While this preoccupation runs through the whole book, it is analyses with more detail in Chapter 6, which asks what role privileges and colonial stereotypes do play in transnational solidarity. For example, since this book as a strong German accent, it also engages with the very peculiar relationship between Germans and Indigenous peoples, which is characterised by a strong romanization and idealization of Indigenous people in German literature, music, and politics. And these stereotypes still play a remarkable role in contemporary solidarity efforts, which the book analyses as “Maputhusiasm”: a scheme of representation, through which the Mapuche society is racialized and positively stereotyped. But this framework is also challenged, criticised and strategically appropriated by Mapuche actors.
Weaving Solidarity
Finally, ‘Weaving Solidarity’ offers a sociological reading of solidarity as a moment of encounter in which different actors come together through political activism. I neither wanted to frame solidarity normatively or morally nor exclusively in political terms. Rather, I was interested in the interpersonal and micro-level dimension of how relations of solidarity are created, negotiated, and challenged on an everyday basis.

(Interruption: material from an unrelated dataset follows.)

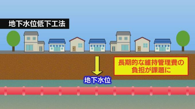 再液状化を防ぐ対策として、道路の下に集水管を設置し一帯の水位を下げる「地下水位低下工法」の検討が進められていますが、長期的にかかる維持管理費の負担が課題となっていました。

This sociocentric perspective on solidarity is also present in Mapuche notions of keyuwvn and mingako, which mean mutual help and working together. In the words of Rayen Kvyeh, a Mapuche poet: “Because you defend the Mapuche prisoners not because of a political conception but because it’s part of life. The Western concept of solidarity is when you give something to someone. We do not give something to someone, we share.” That means that solidarity, in her view, needs first a common and communal ground, something that is being shared, in order to be put into political practice. Inspired by the cultural practices and knowledges about weaving amongst the Mapuche, this is exactly what the notion of weaving solidarity aims to describe: solidarity as critical and conflictive, but also creative and transformative moments of encounter across difference, which are without guarantees but can ultimately lead to social relations which outlast the political engagement, by which they were initiated.
I hope that this work might be relevant not only for relations of solidarity in a new Chile that is currently in construction but also for other contexts in which actors come together across and despite their differences.
Sebastian Garbe, born in 1986, lives in Frankfurt/Germany and works as a postdoctoral researcher at the University of Applied Sciences Fulda, where he is the coordinator of the Fulda Graduate Centre of Social Sciences and the Junior Research Group on “Human Rights and Social Justice”. He obtained is PhD in sociology in 2021 at Justus-Liebig University Giessen, where he worked as a research associate and lecturer at the Institute of Sociology from 2013 until 2022. His teaching and research were awarded with the Dr.-Herbert-Stolzenberg-Award for the Study of Culture in 2017 and 2020 and focuses on post- and decolonial theory as well as on protest, solidarity, and social movements. In the past years, he was engaged in international solidarity and human rights activism with the Mapuche and is part of the frankfurt postkolonial collective.
Literature
Quijano, A. (2014) “Colonialidad del Poder, Eurocentrismo y América Latina,” in Quijano, A. and Assis Climaco, D. (eds) Cuestiones y horizontes: de la dependencia histórico-estructural a la colonialidad/descolonialidad del poder. Buenos Aires: CLACSO, pp. 777–832.